From what I can tell, the theoretical anti-cancer agent (found in cartilage) isn't even unique to sharks. You can get the same stuff from pig's ears. Pigs don't get cancer! (Except they do.)
 
I didn't know the myth existed. So naturally, from reading the OP, I simply deduced that sharks do get cancer. Further reading confirmed this.

Just saying that while it's all informal and everything, it's sort of difficult - partially because I know you, Eos - to not understand what the correct answer is even before starting the research.
 
Hepatocellular cancer is notoriously hard to treat. The organ that is affected is also the one responsible for breaking down standard chemotherapeutic agents (i.e., it's difficult to get a concentration of effective chemotherapy that isn't fatal to the rest of the body). Surgery, including orthotopic transplant, seems to be the only truly effective option and chance for complete cure. I'm sure shark cartilage, even if it was proven to contain an effective anti-cancer compound, would suffer the same fate as other already-proven chemotherapeutic agents, namely being broken-down and rendered ineffective at it's intended site of action.

-Dr.

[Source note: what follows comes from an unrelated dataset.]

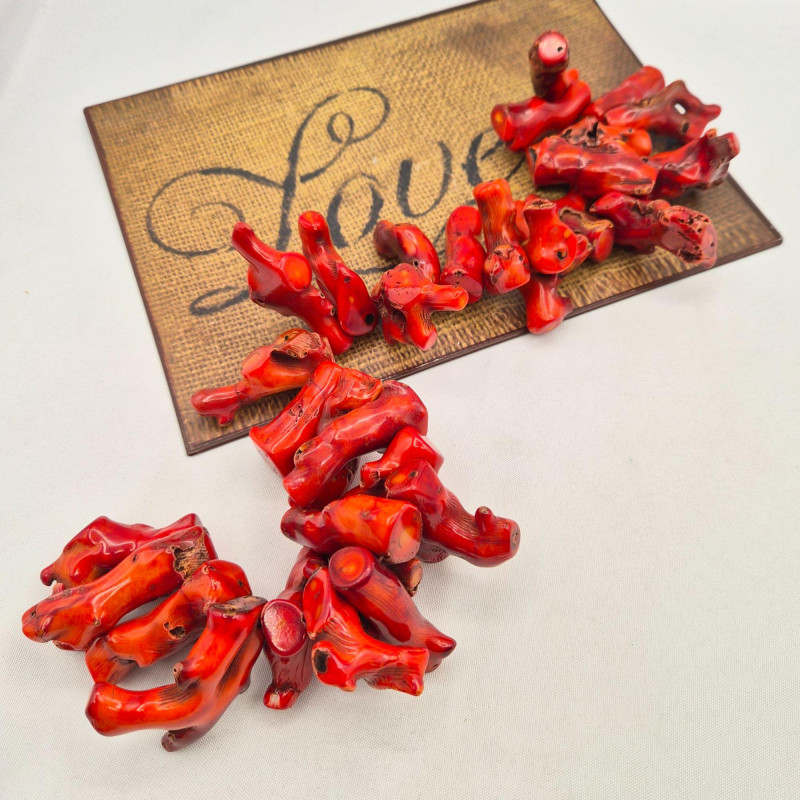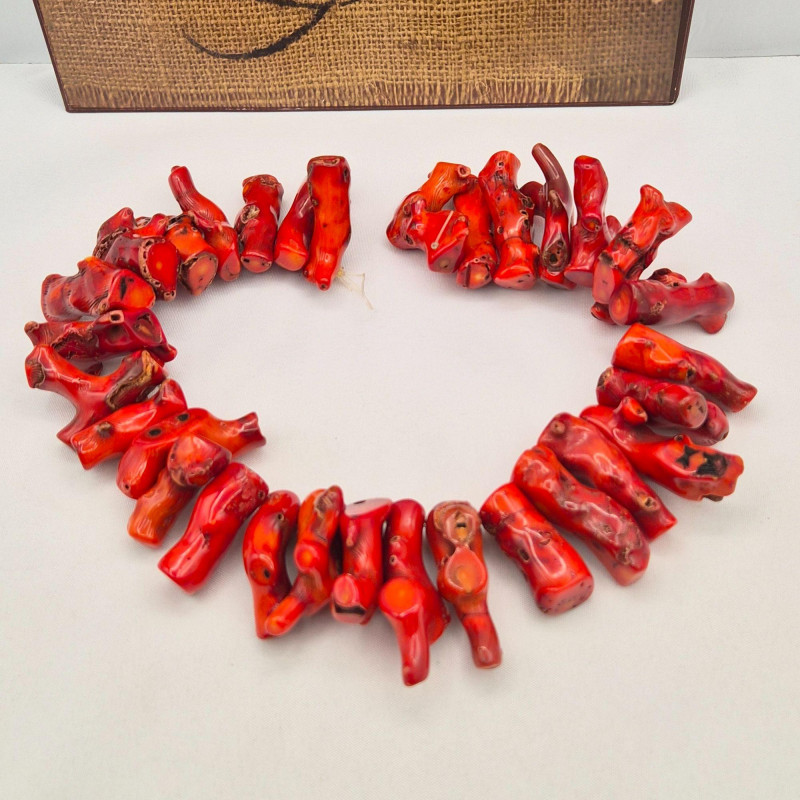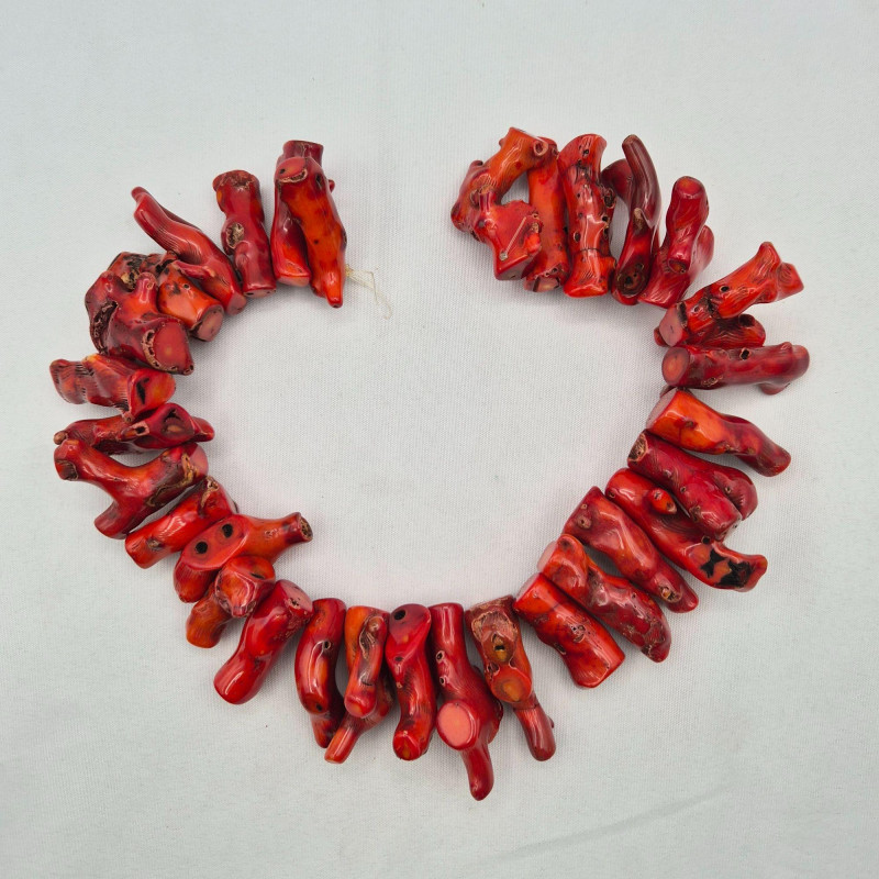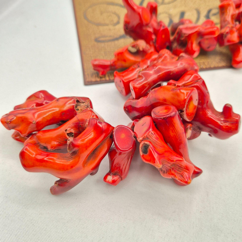 A dramatic 17-inch strand of large, chunky branch red coral, perfect for makers, designers, and bold statement-jewelry lovers. This substantial strand features 31 polished pieces of genuine red coral with natural inclusions, giving each piece its own organic character. The strand is very heavy and high-impact, ideal for: A fantastic supply lot for anyone who loves working with natural, vibrant coral.

Imago
 
i get so mad at all these mad claims.These people prey on others when they are at their most vunerable.I know when you have a loved one who is very ill you hold on even to the tinest bit of hope you think .... well maybe.....

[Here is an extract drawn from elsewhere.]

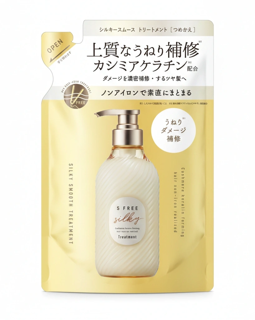 The S FREE Treatment Silky Smooth Refill is designed to deeply nourish, repair, and smooth damaged hair without the need for heat styling.
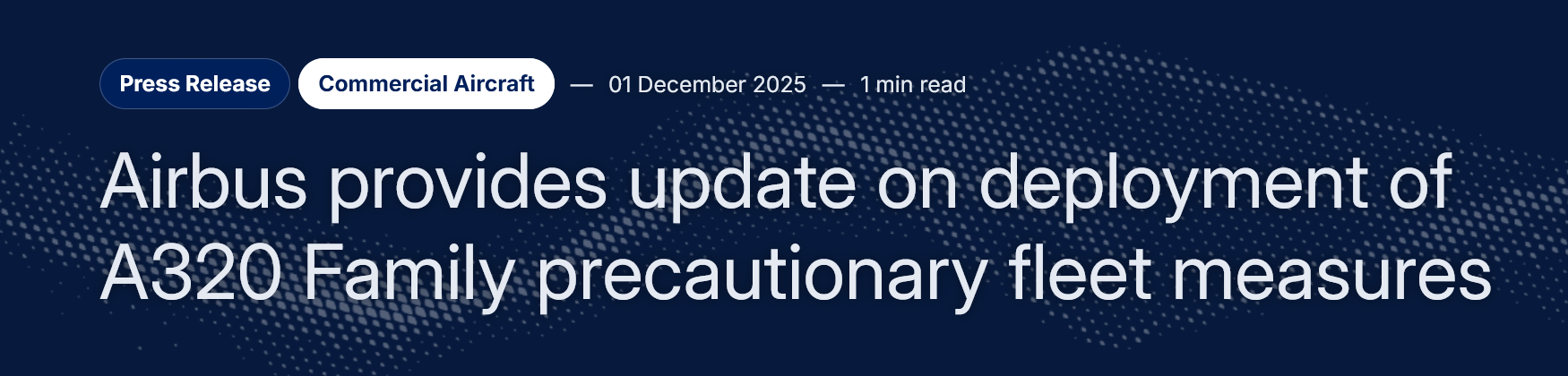 29日,空客中国在一份发给观察者网的声明中回应称,空客已积极配合航空监管部门,发布紧急运营商通告(AOT),要求运营商立即采取预防措施,实施可用的软件和/或硬件保护措施,确保机队安全飞行。该AOT体现在由欧洲航空安全局(EASA)发布的紧急适航指令(EAD)中。

Even I at times have looked into these weird and wacky ideas you are just cluching at straws hoping for the best.But its all so wrong I mean i ask you sharks cartilige,horses tongues,whales bones,tigers balm,where does it all end.
 
Actually the theoretical beneficial agents are proteins too large for the human body to digest. The serious people are looking at treated and synthetic forms, and they aren't bothering with sharks as bovine cartilage is readily available.
 
Shark cartilage as with most the of the rest of the shark is a waste product from shark fin soup. How can it be expensive?
 
Because they usually saw off the fins and dump the dying shark back. Unless it's a mako or other tasty shark.